Wie kommts, dass hier andere Werte angegeben sind (6V vs 8V)?

LaingDDC


----------



## Herbboy (6. April 2016)

Narbennarr schrieb:


> Ist egal wo sie dran hängt. Die Angaben zur Leistungsaufnahme beziehen sich dabei (bei Lüftern ist das genau so, eben so bei HDDs) auf den laufenden Betrieb.
> Zum starten benötigen die Geräte kurzzeitig deutlich mehr Saft. Kann man sich quasi als anschubsen vorstellen. Dur brauchst ja auch weniger Kraft ein bereits rollendes Auto zu schieben, als es aus dem Stand heraus zu bewegen


 das ist klar, ich dachte aber halt, dass die Pumpe konstant viel Watt zieht und diese Watt zum starten völlig reichen und sie dann halt langsam ins Rollen kommt, und irgendwann hat sie dann halt die volle Drehzahl - aber alles eben ständig bei 10W. Ist da eine Platine drin, die absichtlich anfangs mehr Strom zieht, oder wie funktioniert das?

Was ich mich dann aber frage: wieso sind 7V dann evlt ein Problem, wieso zieht die Pumpe (oder auch ein Lüfter) da nicht einfach auch so viel Strom, dass es reicht?


----------



## SpatteL (6. April 2016)

Ignorierst du meine Beiträge? 

Da ist keine Platine drin, das ist elektrotechnisch einfach so.
Mit 7V kann das Magnetfeld evtl. nicht stakt genug werden um die Welle in Bewegung zu setzen.

MfG


----------



## ziko (6. April 2016)

Seit P35, aktuell ein X99 Asrock, betreibe ich 2 Laing DDC1-plus T am Mainboard.
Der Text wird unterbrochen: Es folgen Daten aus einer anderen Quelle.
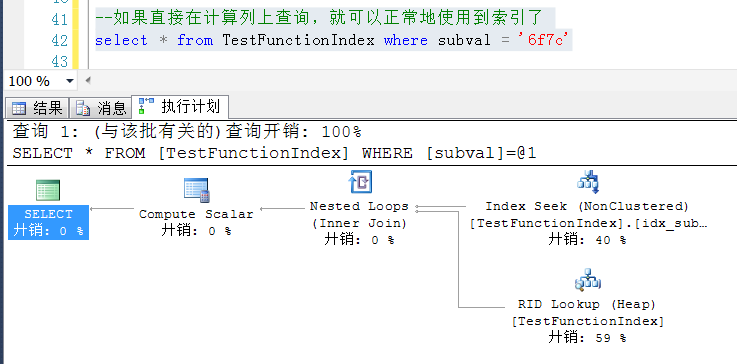 如果直接在計算列上查詢,就可以正常地使用到索引了

Egal ob CPU oder ein anderer Anschluss, welcher geeigneter ist das Kabel u verstecken.
Ohne jemals einen Schaden. 
Also ist eure Diskussion hinfällig.
Der Aquaero ist ungeeignet weil er sich, trotz Kühlkörper, erhitzt.
Alle par Minuten laufen die Pumpen mit voller Drehzahl um die Ausgänge abkühlen zu lassen.
Umso mehr die Spannung gedrosselt wird, umso mehr Leistung verbrät der Aquaero in Hitze
Trotz eines 120er Lüfters der mit 50% Leistung den Aquaero samt Kühlkörper anbläst.
Der Aquaero ist sowieso von der Hardware her, eher die zweite Wahl.
Jedes Step-down Modul auf Ebay für 5 Dollar schafft 60 Watt. Aber eben ohne die Aquasuite.
Aquaero 4 und 5 habe ich gehabt.
Beide DDC laufen erst ab 8 Volt an.
Mit dem Aquaero kann man einen Startboost einstellen aber eben mit den minderwertigen Ausgängen.
Hoffe euch mit meiner Erfahrung geholfen zu haben.


----------



## SpatteL (6. April 2016)

Das 6er aquaero und der 3er poweradjust werden nicht warm.


----------



## Herbboy (6. April 2016)

SpatteL schrieb:


> Ignorierst du meine Beiträge?
> 
> Da ist keine Platine drin, das ist elektrotechnisch einfach so.
> Mit 7V kann das Magnetfeld evtl. nicht stakt genug werden um die Welle in Bewegung zu setzen.
> ...


 okay, ich wusste nicht, dass es immer so ist. Ich dachte, dass vlt absichtlich mehr Strom gezogen wird, damit etwas schnell in Schwung kommt, aber dass es AUCH geht, dass konstant viel Strom gezogen wird und das System langsamer schneller wird, bis der nötige mechanische Widerstand überwunden ist. 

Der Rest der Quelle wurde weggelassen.